Latest revision as of 16:56, 1 July 2020

The basic question in automatic continuity theory is the following. Let $A$ and $B$ be Banach algebras (cf. Banach algebra), and let $\theta : A \rightarrow B$ be a homomorphism. What algebraic conditions on $A$ and/or $B$ ensure that the homomorphism $\theta$ is automatically continuous? A variation of the question is the following. Let $A$ be a Banach algebra, let $E$ be a Banach $A$-bimodule, and let $D : A \rightarrow E$ be a derivation (cf. also Derivation in a ring). What algebraic conditions on $A$ and/or $E$ ensure that $D$ is automatically continuous? There are important generalizations of the latter question: for various purposes it is important to replace the derivation by the more general notion of an "intertwining mapping" . A special case of the automatic continuity problem for homomorphisms is the uniqueness-of-norm problem, which asks which Banach algebras have a unique complete algebra norm. For a substantial recent (as of 2000) account of automatic continuity theory for Banach algebras, see [a4]; all the terms that are used here are defined in [a4].

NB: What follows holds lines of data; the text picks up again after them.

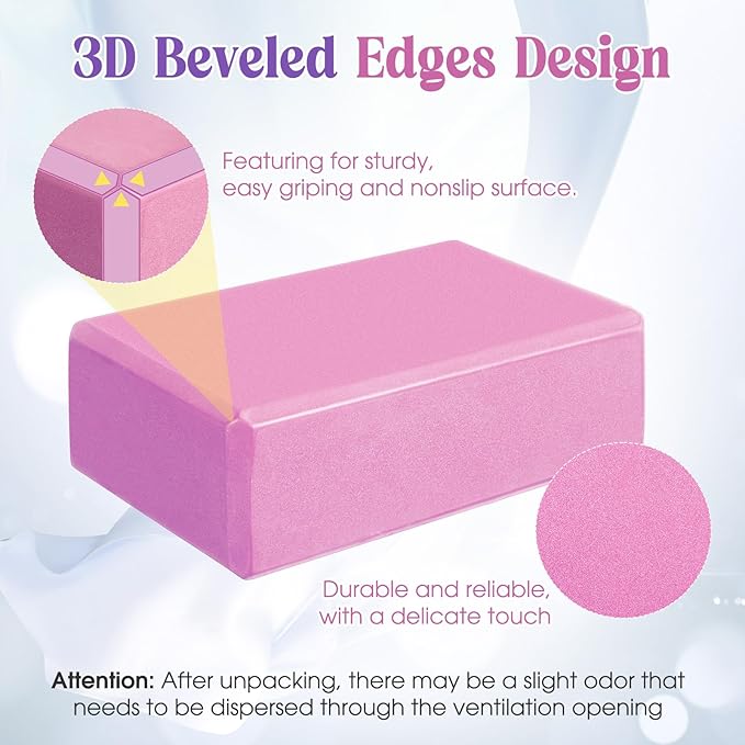 • Products Include: you will receive 5 pcs yoga accessories starter kit, including 2 pcs yoga blocks, 2 pcs yoga pads, 1 pc yoga strap; Warm Tips: after opening the packaging bag of the yoga block, there will be some smell, which can be placed in a ventilated place for about 1-2 days, and the smell can dissipate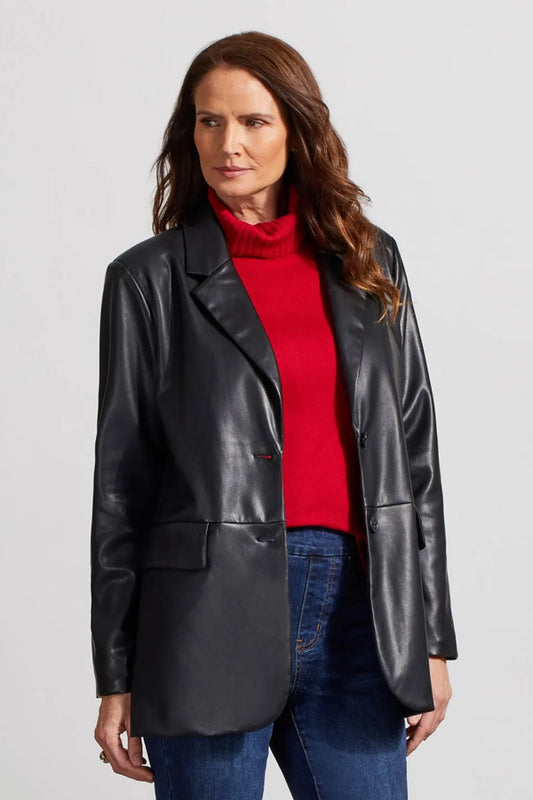 Tribal Vegan Leather Lapel Collar Blazer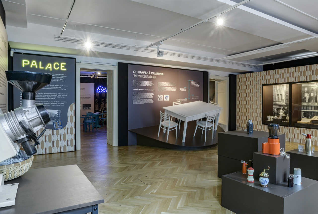 Výstava Ostravská kavárna provází historií kavárenského života v Ostravě od počátku 20. století až po současnost. Prostřednictvím příběhů čtyř výjimečných kaváren – Praha, Elektra, Fénix a Palace – je sledován vývoj ostravské kavárenské scény od jejího rozkvětu na počátku 20. století, přes útlum a proměny druhé poloviny 20. století, až po současnost. Tyto kavárny, vzniklé ve zlaté éře kavárenské Ostravy, sloužily veřejnosti ve všech těchto obdobích a staly se živými svědky proměn veřejného prostoru v dobách svobody i nesvobody. Výstava představuje nejen historii kaváren, ale i kávu jako rostlinu, nápoj a společenský fenomén.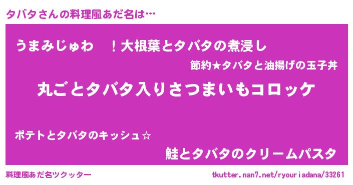 | 男性向けラノベタイトル風あだ名 | 『この素晴らしい世界にタバタを!』 |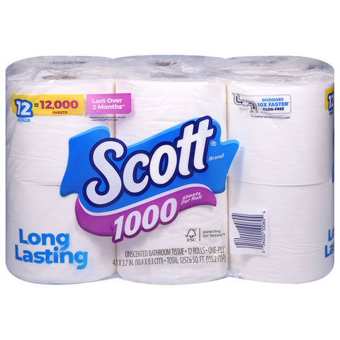 4.1 x 3.7 in. (10.4 x 9.3 cm). Total 1257.6 sq. ft. (115.2 sq m). 12 rolls = 12,000 sheets. 12 rolls last 12 weeks (based on avg. household size and usage of Scott 1000 users). 1000 sheets per roll. Clog free. Septic safe. scottbrand.com. how2recycle.info. 1-800-835-7268. Please have a roll from the package when you call. Kimberly-Clark Corp. Dept. SBW-12 P.O. Box 2020 Neenah, WI 54957-2020 USA. Make your family a Scott family. Rapid-dissolving. Comfort Plus. Paper Towels. Flushable. FSC: Mix - Paper from responsible sources. www.fsc.org. Made in Mexico. Printed in Mexico.

The starting point for automatic continuity theory is the easily proved fact that every character on a Banach algebra $A$ (i.e., every homomorphism from $A$ onto the complex field $\mathbf{C}$) is automatically continuous (cf. also Continuous function). This was already stated in the seminal work of I.M. Gel'fand around 1940. Note that there is a deep related question. Let $A$ be a Fréchet algebra (so that the topology of $A$ is given by a sequence of algebra semi-norms on $A$, and $A$ is complete). Then it is an open question (as of 2000) whether or not every character on $A$ is automatically continuous. This is called Michael's problem, because it was raised in [a12]. A positive result is known in many cases; a striking sufficient condition, involving analytic functions of several complex variables, for the continuity of all such characters is given in [a7].

It follows easily from the continuity of characters that every homomorphism $\theta : A \rightarrow B$ from a Banach algebra $A$ into a commutative semi-simple Banach algebra $B$ is continuous. A closely related result is Johnson's uniqueness-of-norm theorem: Every semi-simple Banach algebra has a unique complete algebra norm. For lovely alternative proofs of this theorem, see [a1] and [a13]. There are non-semi-simple commutative Banach algebras having a unique complete algebra norm. For example, this is true of the convolution algebras $L ^ { 1 } ( \mathbf{R} ^ { + } , \omega )$, where $\omega$ is a weight function on $\mathbf{R} ^ { + }$ (see [a4], § 5.2). On the other hand, there are even commutative Banach algebras with a one-dimensional (Jacobson) radical which do not have a unique complete algebra norm (see [a4], § 5.1). Nevertheless there are striking open questions in this area: it is not known (as of 2000) whether a commutative Banach algebra which is an integral domain necessarily has a unique complete algebra norm; the question is also open for Banach algebras with a finite-dimensional radical; for partial results, see [a5]. The following question is also open. Let $A$ and $B$ be Banach algebras, and let $\theta : A \rightarrow B$ be a homomorphism. Suppose that $B$ is semi-simple and that $\overline { \theta ( A ) } = B$. Is $\theta$ automatically continuous?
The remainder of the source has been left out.